Some of you have a computer system for a workstation. You should become
familiar with color as it applies to computer-generated or desktop color.
Desktop color is computer-generated color or various shades of grey from an
IBM (PC) or Macintosh (MAC) computer systems. The color limitations of
desktop color are the Random Access Memory (RAM) capacity of the
computer, the Video Graphics Array (VGA) card, the scanner, and the
Random Access Memory (RAM) determines the speed and power
considerations for color. Color displays require more RAM than
monochromatic displays. If your computer doesnt have enough memory,
you will experience delays in completing jobs that involve color. When
adding color capabilities to your desktop system, reevaluate memory capacity
and expand it if necessary.
Video graphics array (VGA) cards or Super Video Graphic Array (SVGA)
cards control the resolution of computer monitors. Monitor resolution is
stated in terms of dots per inch (dpi) for MAC monitors or picture elements
(pixels) for PC monitors. You may use a VGA with color or black-and-white
monitors. The VGA monitor has a resolution of 640 x 480 dpi. Super VGA
increases the resolution to 800 x 600 dpi or 1024 x 768 (extended VGA).
Scanners scan text and images and record them to memory. The type of
scanner determines the resolution of the scanned image. Scanners are
classified by image capture capabilities and whether they use the theory of
reflectance (opaque copy) or the theory of transmission (transparent copy).
There are hand-held scanners, sheetbed scanners, flatbed scanners, overhead
scanners, slide scanners, and drum scanners.

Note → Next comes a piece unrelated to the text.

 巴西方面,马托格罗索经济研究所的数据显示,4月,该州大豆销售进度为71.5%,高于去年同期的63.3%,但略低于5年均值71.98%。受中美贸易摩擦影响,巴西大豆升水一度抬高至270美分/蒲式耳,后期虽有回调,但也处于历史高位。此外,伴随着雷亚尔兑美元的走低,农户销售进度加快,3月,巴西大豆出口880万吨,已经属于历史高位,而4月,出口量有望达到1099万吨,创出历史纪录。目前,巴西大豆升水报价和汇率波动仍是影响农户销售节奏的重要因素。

Most scanners connected to
desktop computer systems use sensing elements called charged-couple devices
(CCD). When light strikes CCDs, they retain voltage. The voltage
apportions the amount of light striking the sensors and transfers this into
reproduced copy. CCD scanners are of lower resolution than the
photomultiplier tube scanners of Color Electronic Pre-press Systems.